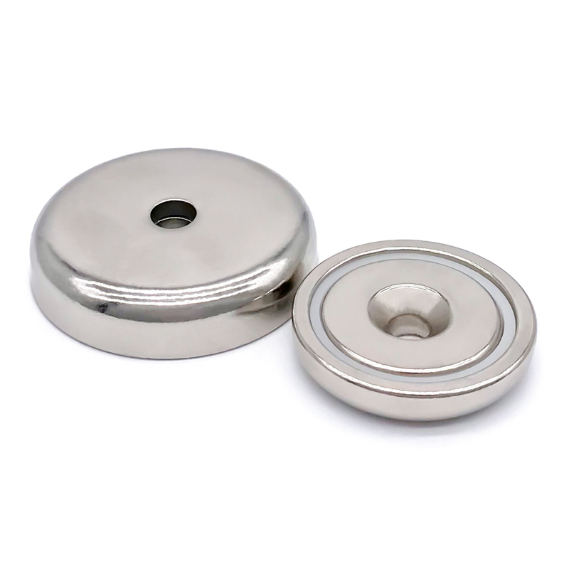 آهنربای گلدانی گرد با یک فنجان آهنی ساخته شده است که دارای یک سوراخ غرق شده و یک آهنربای نئودیمیوم قوی است.این طراحی منحصر به فرد مزایای متعددی را ارائه می دهد.فنجان فولادی به عنوان یک سپر محافظ عمل می کند و از آهنربا در برابر ضربه مستقیم در هنگام تماس با سایر اجسام آهنی یا فولادی محافظت می کند.علاوه بر این، فنجان فولادی همچنین از آهنربا در برابر خوردگی در محیط های مرطوب در فضای باز محافظت می کند و طول عمر آن را تضمین می کند.
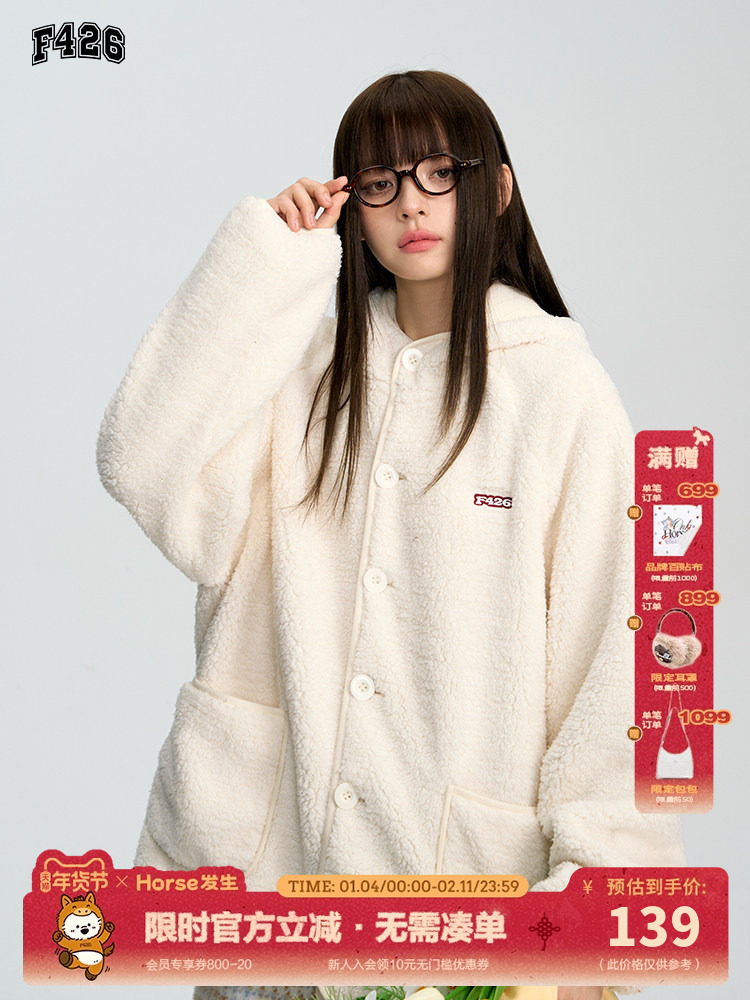 【F426 Official Store】National Trend Brand Winter Couple Dopamine Small Logo Hooded Button Plush Jacket
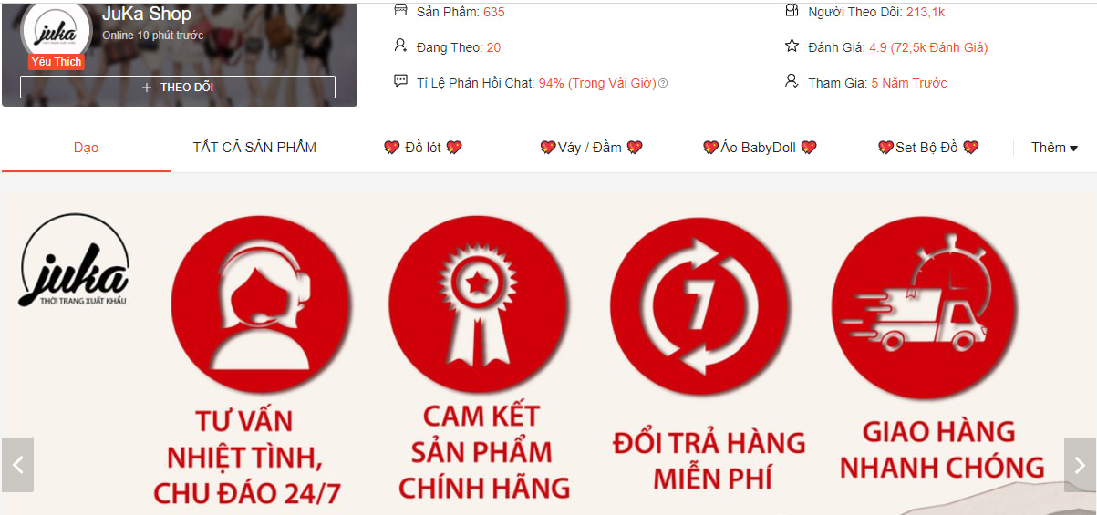 Trang chủ Juka Shop trên Shopee. Ảnh: Internet
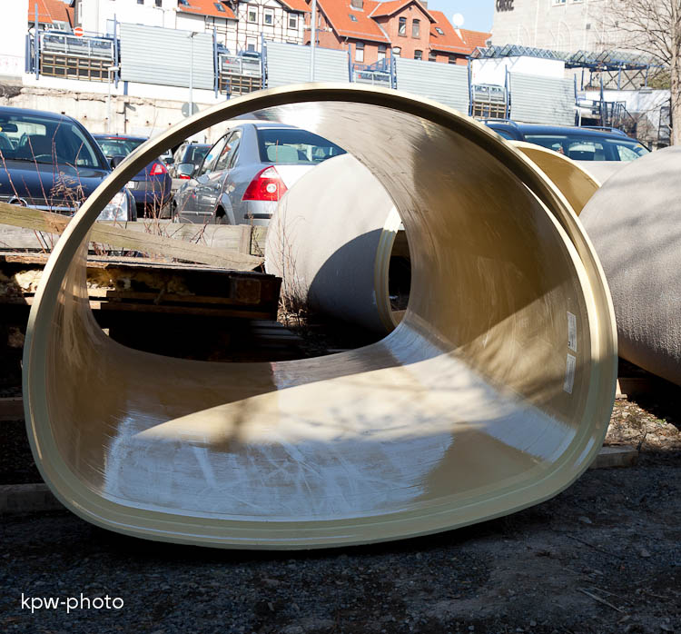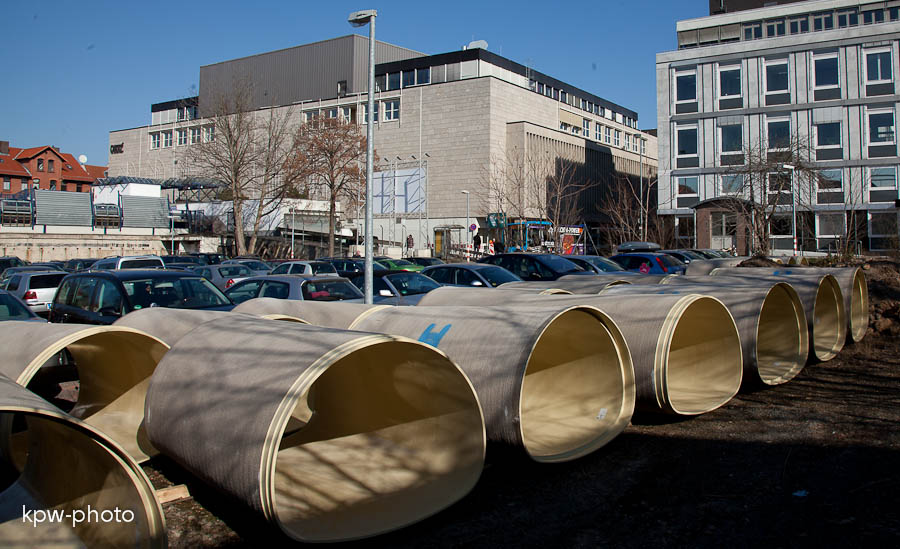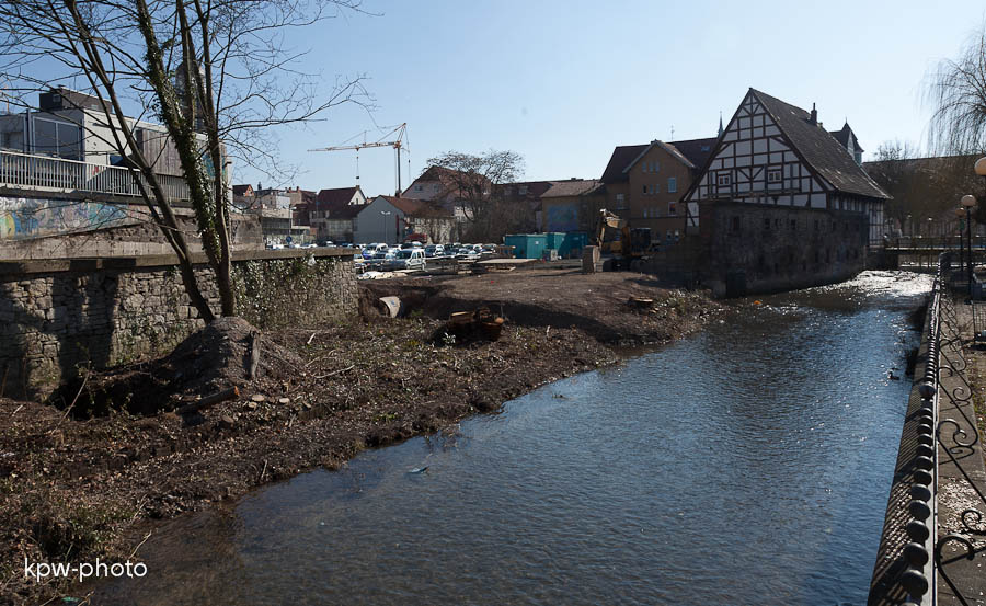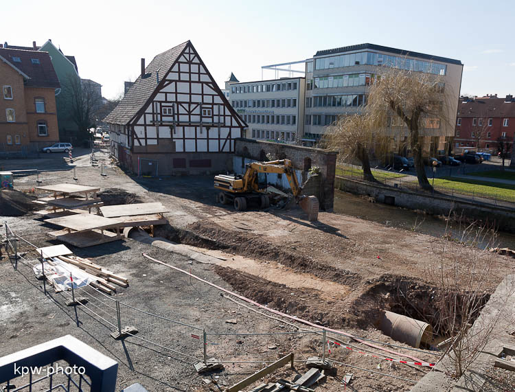 Stand Anfang Juli 2011: Es sind Rohre verlegt worden, der Uferstreifen am Leinekanal ist abgeholzt.
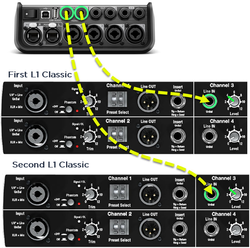 1. Pan all your inputs to one side (e.g. Right) and connect the T4S Right output to the L1® Classic Channel 3 (try setting the level to about 4)
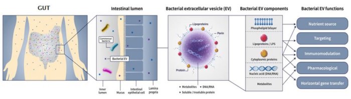 Postbiotics, also known as metabiotics, biogenics, or simply metabolites, refer to soluble factors and EVs secreted by live microbes or released after microbial lysis, and they provide physiological benefits to the host. Postbiotics are a newly emerging modality in therapy. Cell-to-cell communication is tightly regulated, and its disruption contributes to disease development. Intercellular communication can occur either via cell-to-cell contact or via soluble factors. Soluble factors include proteins and small molecules that bind specific receptors on target cells, which then trigger a signaling cascade that will affect the cell phenotype. However, more recently, another process also involved in this type of communication has been highlighted. In addition to producing specific factors, microbial cells can send a package of information, called microbial EVs, that is enclosed by a cell membrane. Moreover, recent scientific evidence has shown that certain microbial EVs have protective effects against disease development or progression.
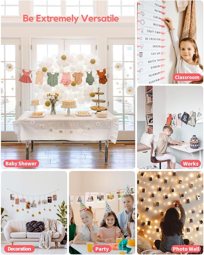 • 🌲【NATURAL WOOD & PAINT】 - All clothes pins wood are made of natural wood, high-quality and lightweight to use. The vivid color mini clothespins for photos, nice home decoration for life. The clips for pictures have a sturdy construction, made with non-rusting wire springs, it will give you years of use. What's more, the painting is eco-friendly and not easy to fade.
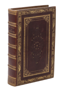 Œuvres complètes de La Fontaine, précédées de l'éloge de l'auteur, par Chamfort. Nouvelle édition ornée d'un portrait et de douze gravures. Paris, Igonette, 1826. In-8, (208 x 132 mm), portrait en frontispice, 12 pl. h.t. Maroquin violet, décor doré et à froid, plaque centrale ponctuée de points d'or dans un double encadrement, dos à nerfs, coupes ornées, contreplat et garde volante de moire verte, dentelle intérieure, tranches dorées (Reliure de l’époque).Edition illustrée d'un portrait de La Fontaine et de 12 planches hors texte gravées d'après Devéria.
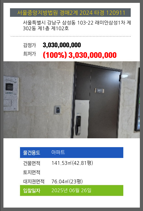 | 대지권 | 76.04㎡ (23평) | 소유자 | 방**외1명 | 보증금 | (10%) 303,000,000 |
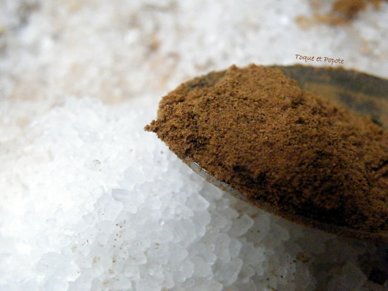 Dans un cul-de-poule ou saladier, mélangez le gros sel et le 4 épices.

Problem — Repeat each record exactly as shown above, dropping all images.

Reply to the exercise —
 آهنربای گلدانی گرد با یک فنجان آهنی ساخته شده است که دارای یک سوراخ غرق شده و یک آهنربای نئودیمیوم قوی است.این طراحی منحصر به فرد مزایای متعددی را ارائه می دهد.فنجان فولادی به عنوان یک سپر محافظ عمل می کند و از آهنربا در برابر ضربه مستقیم در هنگام تماس با سایر اجسام آهنی یا فولادی محافظت می کند.علاوه بر این، فنجان فولادی همچنین از آهنربا در برابر خوردگی در محیط های مرطوب در فضای باز محافظت می کند و طول عمر آن را تضمین می کند.
 【F426 Official Store】National Trend Brand Winter Couple Dopamine Small Logo Hooded Button Plush Jacket
 Trang chủ Juka Shop trên Shopee. Ảnh: Internet
 Stand Anfang Juli 2011: Es sind Rohre verlegt worden, der Uferstreifen am Leinekanal ist abgeholzt.
 1. Pan all your inputs to one side (e.g. Right) and connect the T4S Right output to the L1® Classic Channel 3 (try setting the level to about 4)
 Postbiotics, also known as metabiotics, biogenics, or simply metabolites, refer to soluble factors and EVs secreted by live microbes or released after microbial lysis, and they provide physiological benefits to the host. Postbiotics are a newly emerging modality in therapy. Cell-to-cell communication is tightly regulated, and its disruption contributes to disease development. Intercellular communication can occur either via cell-to-cell contact or via soluble factors. Soluble factors include proteins and small molecules that bind specific receptors on target cells, which then trigger a signaling cascade that will affect the cell phenotype. However, more recently, another process also involved in this type of communication has been highlighted. In addition to producing specific factors, microbial cells can send a package of information, called microbial EVs, that is enclosed by a cell membrane. Moreover, recent scientific evidence has shown that certain microbial EVs have protective effects against disease development or progression.
 • 🌲【NATURAL WOOD & PAINT】 - All clothes pins wood are made of natural wood, high-quality and lightweight to use. The vivid color mini clothespins for photos, nice home decoration for life. The clips for pictures have a sturdy construction, made with non-rusting wire springs, it will give you years of use. What's more, the painting is eco-friendly and not easy to fade.
 Œuvres complètes de La Fontaine, précédées de l'éloge de l'auteur, par Chamfort. Nouvelle édition ornée d'un portrait et de douze gravures. Paris, Igonette, 1826. In-8, (208 x 132 mm), portrait en frontispice, 12 pl. h.t. Maroquin violet, décor doré et à froid, plaque centrale ponctuée de points d'or dans un double encadrement, dos à nerfs, coupes ornées, contreplat et garde volante de moire verte, dentelle intérieure, tranches dorées (Reliure de l’époque).Edition illustrée d'un portrait de La Fontaine et de 12 planches hors texte gravées d'après Devéria.
 | 대지권 | 76.04㎡ (23평) | 소유자 | 방**외1명 | 보증금 | (10%) 303,000,000 |
 Dans un cul-de-poule ou saladier, mélangez le gros sel et le 4 épices.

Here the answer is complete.